Libertarians love to sing liberty’s praises, and there is much to be said in its favor. But it does not follow from this that liberty is always in everyone’s best interests. There are many people who stand to lose more from liberty than they would stand to gain. (And not just because they misperceive the situation.) There are still more people for whom the uncertainty over what they would stand to gain or lose would make desiring liberty irrational.

The incentives that favor liberty do not exist by default, they must be proactively created. And in order for this to happen there must be people likely to benefit from liberty, strong people, capable people, wise people, intelligent people, responsible people, farsighted people; in short, aristocrats. And they must organize to impose liberty on the remainder by force, and in many cases, to their detriment, or to their enduring resentment.

If liberty is thus to be manufactured, the problem of free-riding must also be overcome by institutional forms that deny the benefits of liberty to those unwilling to participate in its manufacture, and that preserves the benefits for the exclusive enjoyment of those so willing.

The Master Race

Monday, July 14th, 2014

Every empire is ruled by the master race, Glubb notes:

The people of the great nations of the past seem normally to have imagined that their pre-eminence would last for ever. Rome appeared to its citizens to be destined to be for all time the mistress of the world. The Abbasid Khalifs of Baghdad declared that God had appointed them to rule mankind until the day of judgement. Seventy years ago, many people in Britain believed that the empire would endure for ever. Although Hitler failed to achieve his objective, he declared that Germany would rule the world for a thousand years.
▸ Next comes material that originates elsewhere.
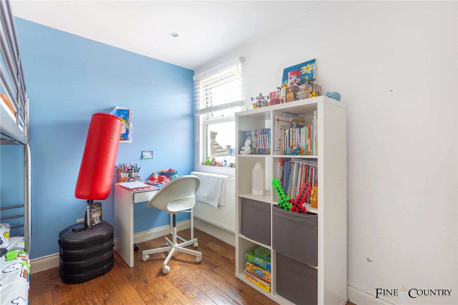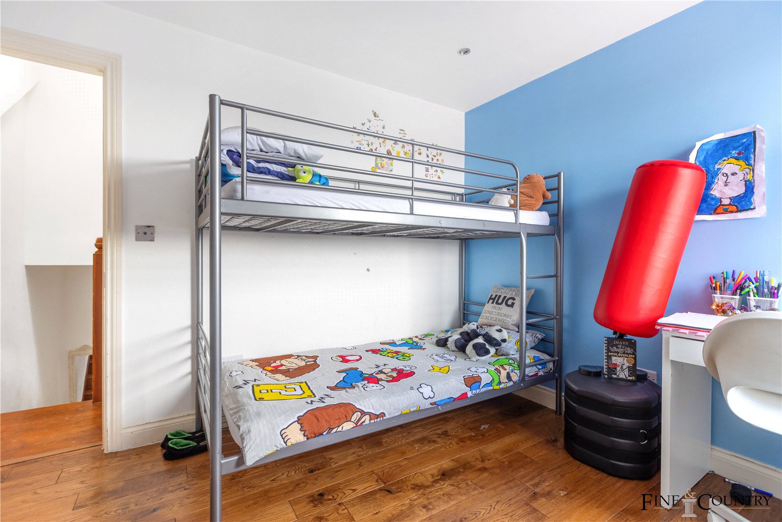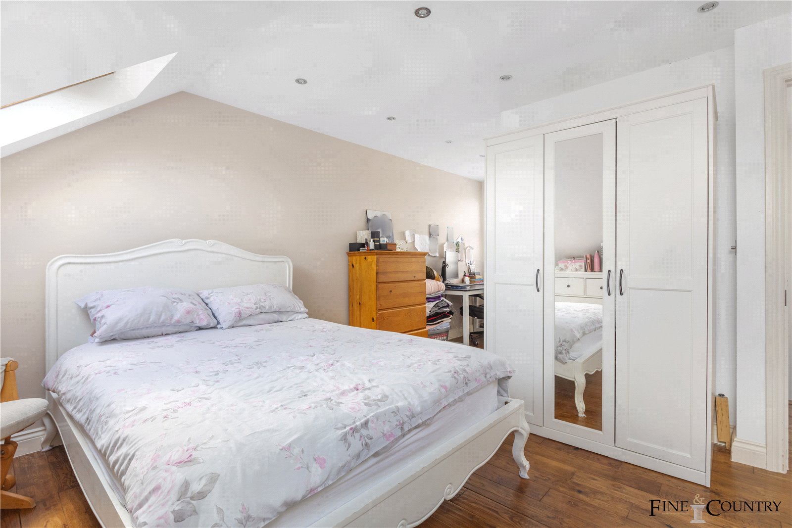 The top floor offers two further bedrooms set beneath sloped ceilings with Velux skylights. These rooms are thoughtfully designed to make the most of natural light and eaves storage, creating cosy and characterful spaces ideal for teens, studio work, or peaceful retreats. A third bathroom, tastefully tiled and naturally lit, completes the upper level.
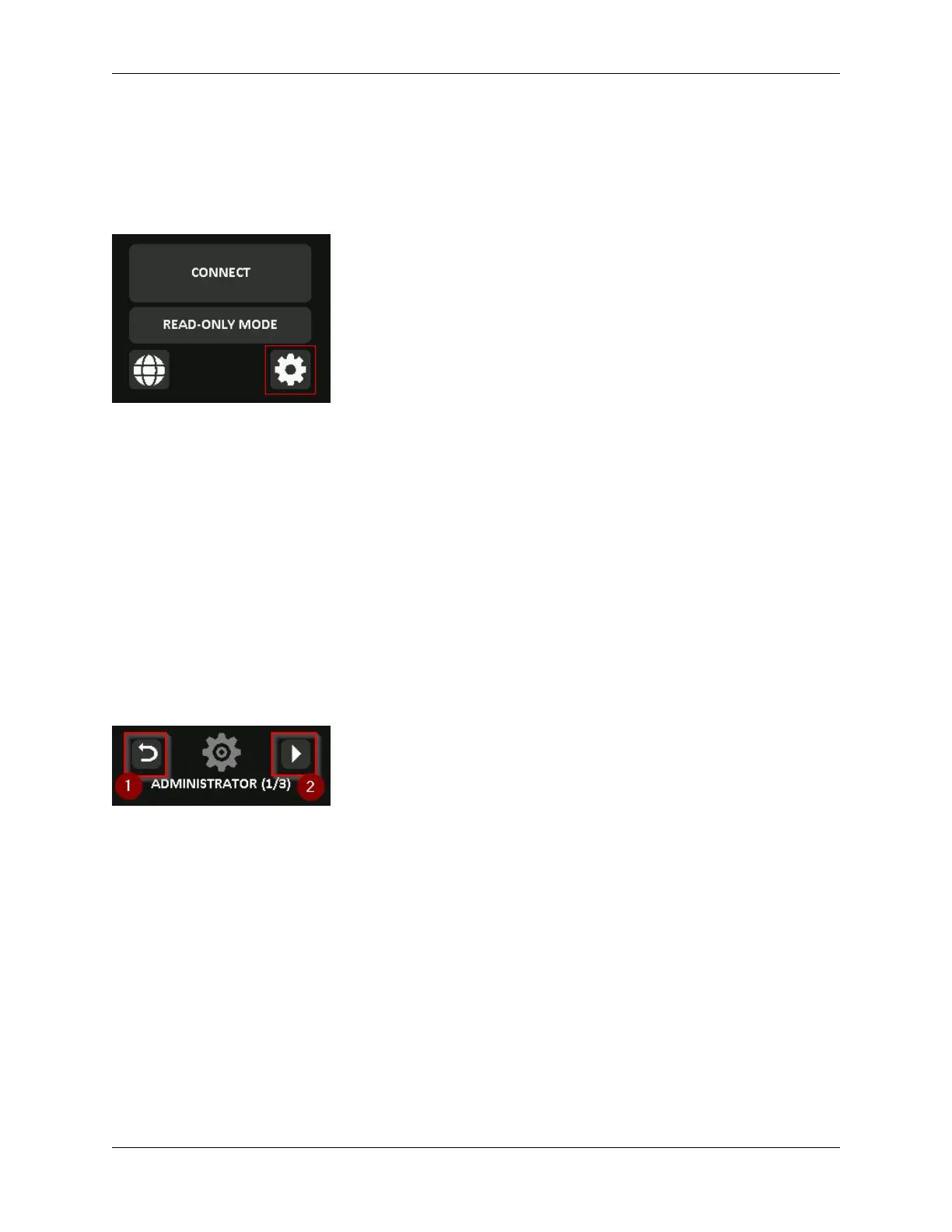Once inside the administrator menu, the forward(2) and back(1) button can be used to navigate

That sentiments like these could be publicly expressed without evoking derision shows that, in all ages, the regular rise and fall of great nations has passed unperceived. The simplest statistics prove the steady rotation of one nation after another at regular intervals.

The belief that their nation would rule the world forever, naturally encouraged the citizens of the leading nation of any period to attribute their pre-eminence to hereditary virtues. They carried in their blood, they believed, qualities which constituted them a race of supermen, an illusion which inclined them to the employment of cheap foreign labour (or slaves) to perform menial tasks and to engage foreign mercenaries to ?ght their battles or to sail their ships.

These poorer peoples were only too happy to migrate to the wealthy cities of the empire, and thereby, as we have seen, to adulterate the close-knit, homogeneous character of the conquering race. The latter unconsciously assumed that they would always be the leaders of mankind, relaxed their energies, and spent an increasing part of their time in leisure, amusement or sport.

In recent years, the idea has spread widely in the West that ‘progress’ will be automatic without effort, that everyone will continue to grow richer and richer and that every year will show a ‘rise in the standard of living’. We have not drawn from history the obvious conclusion that material success is the result of courage, endurance and hard work — a conclusion nevertheless obvious from the history of the meteoric rise of our own ancestors. This self-assurance of its own superiority seems to go hand-in-hand with the luxury resulting from wealth, in undermining the character of the dominant race.